Su primer paso para acceder a la vida de Svedberg fue llamar a Ylva Brink. La mujer acababa de llegar a su casa después de su guardia nocturna y él le preguntó amablemente si estaba a punto de irse a dormir, porque, en tal caso, la llamaría más tarde. No obstante, ella lo retuvo al teléfono, pues, según le reveló, últimamente le costaba conciliar el sueño. En efecto, las imágenes de lo sucedido a Svedberg la asaltaban de forma especialmente descarnada mientras dormía. Añadió que confiaba en que su temor y su desasosiego se mitigasen un poco cuando su marido regresase a casa la semana siguiente, aunque le había sido imposible arreglárselas para acudir al funeral de Svedberg.
—Supongo que dormiré mejor cuando él esté aquí —aseguró—. La verdad, todo lo que ha ocurrido me ha dejado aterrorizada.

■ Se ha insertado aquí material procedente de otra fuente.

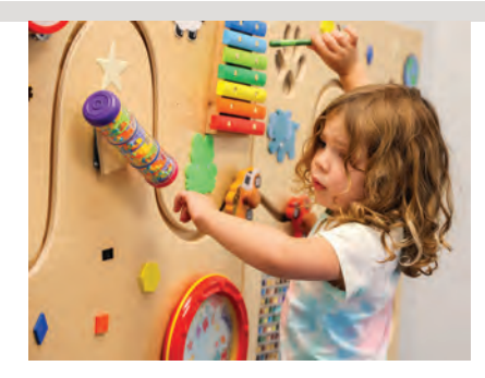
Our outpatient STAR Center served 288 children in just three months.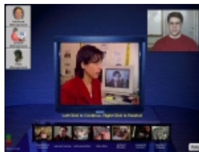
Figure 5. Video case studies.

The interviewees are given a very simple interface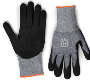
GLOVES, TECHNICAL GRIP 529 88 03-07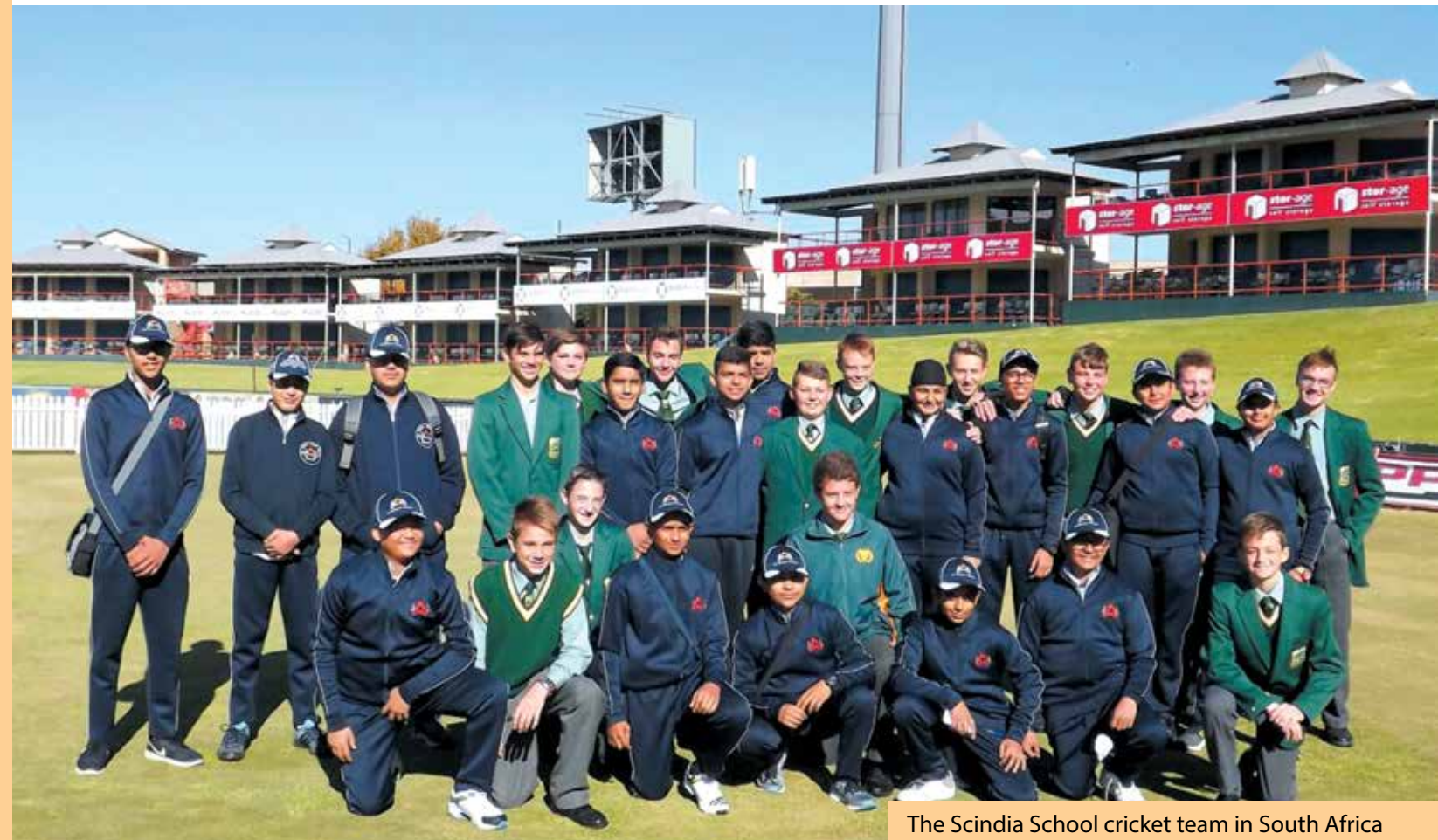
The Scindia School cricket team in South Africa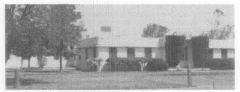
Ya-Ka-Ama Indian School, Sonoma County

number of Indians in California had grown to more than 201,000, more Indians than in any other state. Probably a little more than half of these are the descendents of aboriginal Californians. Their population is still far below the approximately 310,000 Indians living in California when Europeans first arrived on these shores.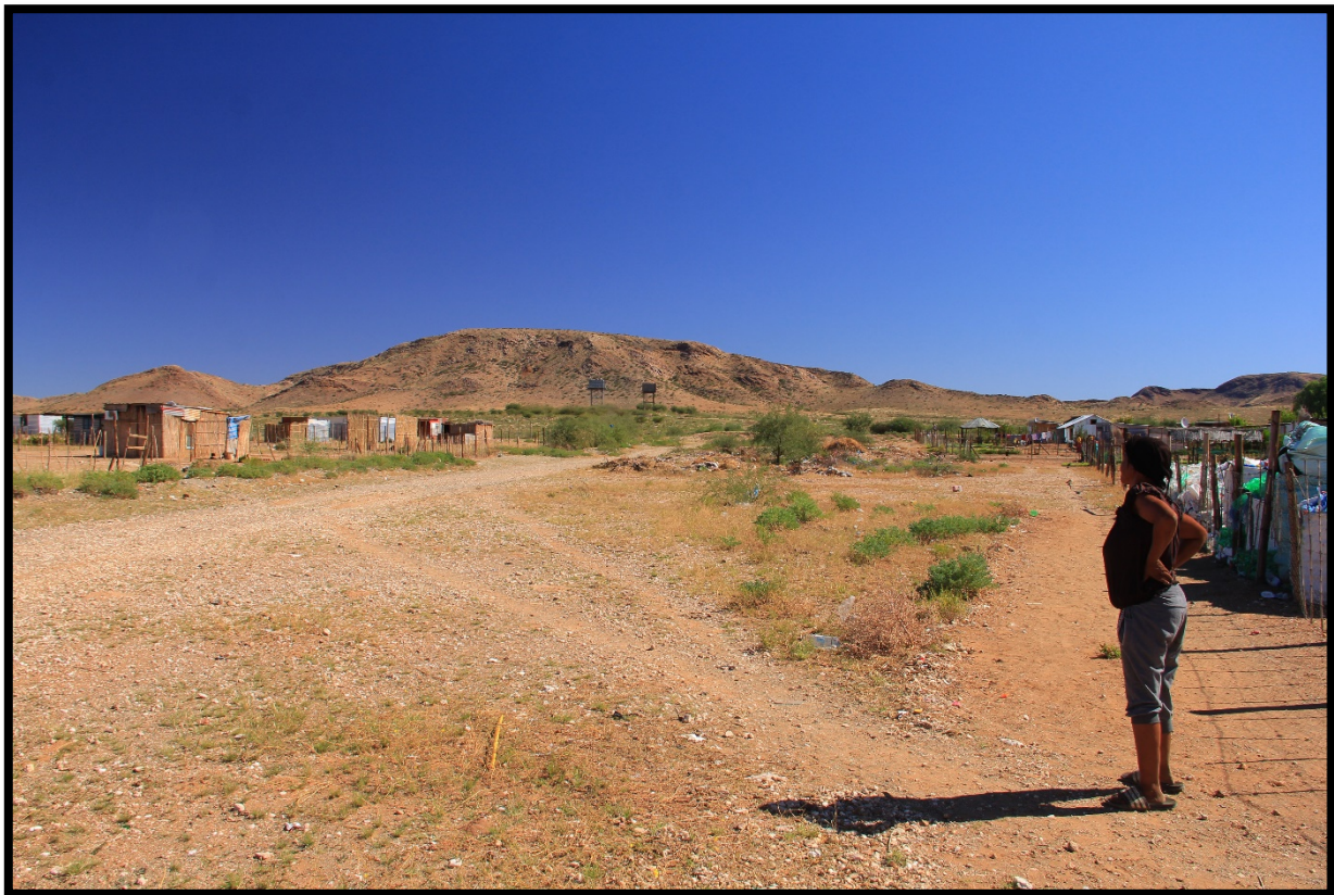
Photo 6: The informal houses that are located within the southern sections of the study area, as seen from the northeast.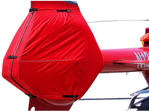
Eurocopter EC-120 Tailfan Cover

The Tailboom Cover details vary by model, but generally the helicopter tail boom cover encloses the tail boom from the "bottleneck" to the aft end. They usually also cover the horizontal stabilizers, and are custom made to allow for antennae, lights, and other protrusions. They attach with straps underneath the tail boom. Covers for the vertical and horizontal stabilizers are also available separately. Specific information for each model is available on request.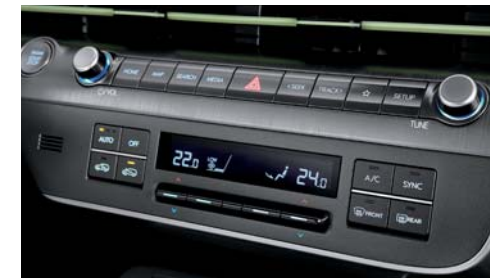
Full auto air conditioning system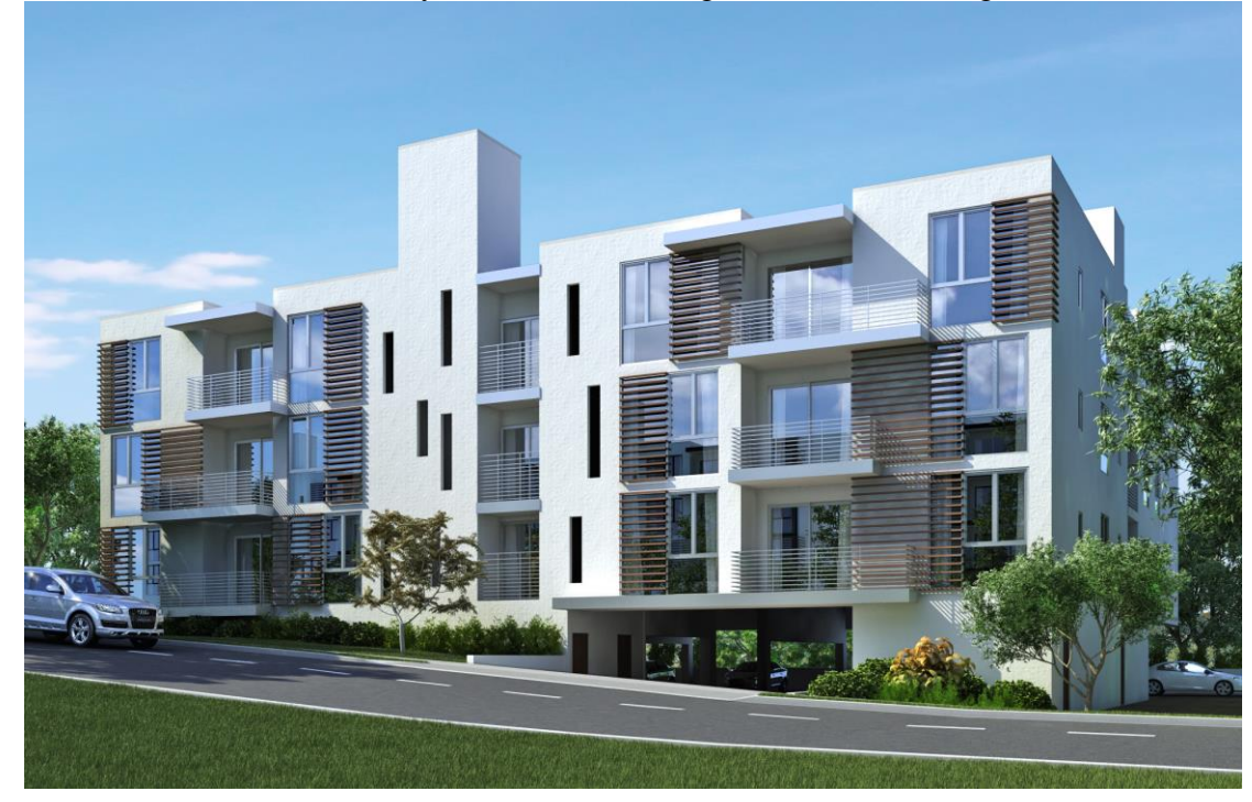
Hi Rise Exterior Renderings :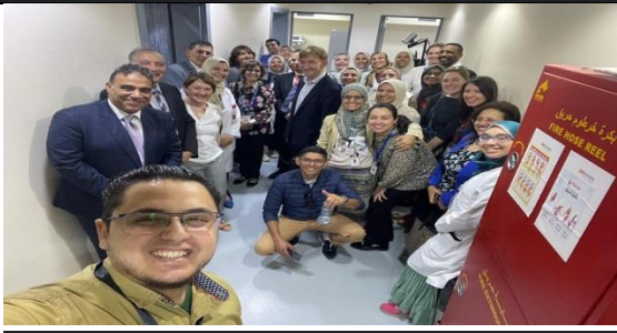
A visit by the Portuguese Minister of Health and his delegation to the Faculty of Medicine and the Ain Shams Medical Research Center to enhance international cooperation

Wallander le respondió que lo comprendía, y después le pidió que le hablase de la vida de Svedberg, de sus padres y su infancia. En realidad, le habría gustado hablar con ella en persona en lugar de por teléfono, y consideró incluso la posibilidad de proponerle que un coche policial la recogiese en su casa para llevarla a la comisaría. Se contentó, no obstante, con la conversación telefónica, durante la cual tomó notas sin descanso, y fue llenando una página tras otra del bloc escolar con su letra indescifrable. A lo largo de la charla, que se prolongó durante casi una hora, se vio interrumpido por dos apariciones de Martinson y una tercera de Nyberg. Wallander escuchaba atentamente su relato, pero prestó suma atención cuando ella empezó a hablarle de los últimos veinte años de la vida de Svedberg. La hacía detenerse tan sólo cuando le daba la impresión de que iba demasiado aprisa, o si deseaba comprobar que había anotado algún nombre correctamente. Durante aquella entrevista telefónica, Wallander comprendió que Ylva Brink, tras la muerte de su primo, sin duda había repasado mentalmente la vida de éste, y había rememorado los recuerdos, quizás en busca de alguno que le explicase lo ocurrido. Una vez concluida la conversación, Wallander notó que tenía la mejilla sudorosa. Fue a los servicios y se lavó la cara antes de leer rápidamente lo que había ido apuntando y de anotar los nombres de las personas a las que debía visitar. El más interesante, desde su punto de vista, era un hombre llamado Jan Söderblom. Según Ylva Brink, Svedberg y él habían sido muy buenos amigos durante el periodo en el que su primo había prestado el servicio militar, antes de convertirse en policía; la relación se vio interrumpida cuando Söderblom contrajo matrimonio y se trasladó a otra ciudad, aunque Ylva no podía asegurar si era a Malmö o a Landskrona. A Wallander le llamó la atención, además, el hecho de que Söderblom, al igual que Svedberg, hubiese ingresado en el Cuerpo de Policía. El inspector estaba a punto de llamar a la comisaría de Malmö cuando Nyberg apareció en la puerta de su despacho. Por la expresión de su rostro, enseguida dedujo que había novedades.